Just to make this extra clear, you are not telling the house, “Spin this thing 10 times and if red does not come up once in those 10 spins I win.” You are betting against red at 52.6% just once. And then again just once, and then again just once … until you’ve bet it ten separate times.
If you are arguing that if you see red fail 9 times, there is a 99.8% chance that red will come up on the 10th, you are mistaken. It is still just 9 in 19 or 47.4%.
Actually, they are. The increase in bet size does mean that as long as a red comes up eventually, we win. The problem is we have to keep risking more and more money for proportionally smaller rewards.
Think about this in terms of EV and it becomes obvious how terrible this strategy is:
Round | Bet Size | Total EV |
---|---|---|
1 | 1 | -0.053 |
2 | 4 | -1.211 |
3 | 11 | -5.579 |
4 | 26 | -17.368 |
5 | 57 | -45.000 |
It’s basically exponentially bad.
To be fair, your original post said:
I know what you meant, but if you take that literally it’s both incorrect and very misleading.

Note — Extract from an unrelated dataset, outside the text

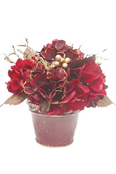 Arrangement d'hortensia artificiel, baie SUKI, pot décoratif, rouge-or, 25cm, Ø25cm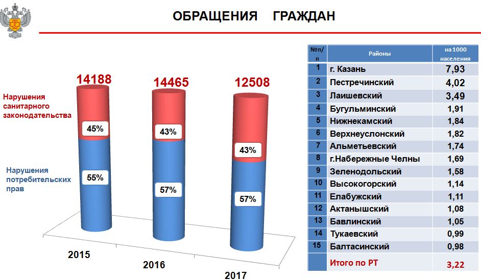 Впервые за 3 года отмечается снижение поступивших обращений на 13,5%, но их число остается все же значительным – 12,5 тысяч. Наибольшее количество обращений поступило от жителей Казани, Пестречинского и Лаишевского районов.

you are right, the odds of missing Red (in American roulette) 10 times in a row is:
- (20/38)^10 ≈ 0.0033
he is saying 47% which sounds extremely stupid.
The actual percentage wasn’t the misleading part, you said “on” the tenth roll, when you meant “up to and including”
I see, I get it.
The original question of 100% failsafe is just impossible to achieve.
99.xx% is best possible.
Well, that’s misleading too, because you’re risking a lot of money to win a little. If you care about how much money you win/lose overall, as opposed to how often you walk away with something, then the “best possible” thing is to put as little money in as possible every single time.
Nope. You do not understand the math. I’ve explained it. You refuse to understand. That’s on you. Now go play roulette and lose your shirt, your bank account, your house …
Actually, please don’t do that. My advice to you is to stay well clear of any casino or gambling room. Seriously. I know people who have lost everything (home, business, family) using precisely your math. I’m not kidding. I’ve had someone show me boxes of paper calculations trying to prove EXACTLY your theory/system. He was homeless, lost his family, everything because he literally thought that if he bet black 4 times in a row he couldn’t lose, yet all he did year after year after year was lose. That is why I refute your math. It is fatally flawed.
So please, do not use that math. It is not 100% failsafe, it is not 99% failsafe, it is actually 99.99999999% destined to fail … disastrously. Do NOT use that math, and absolutely do NOT tell anyone else to use that math. It is fatally flawed.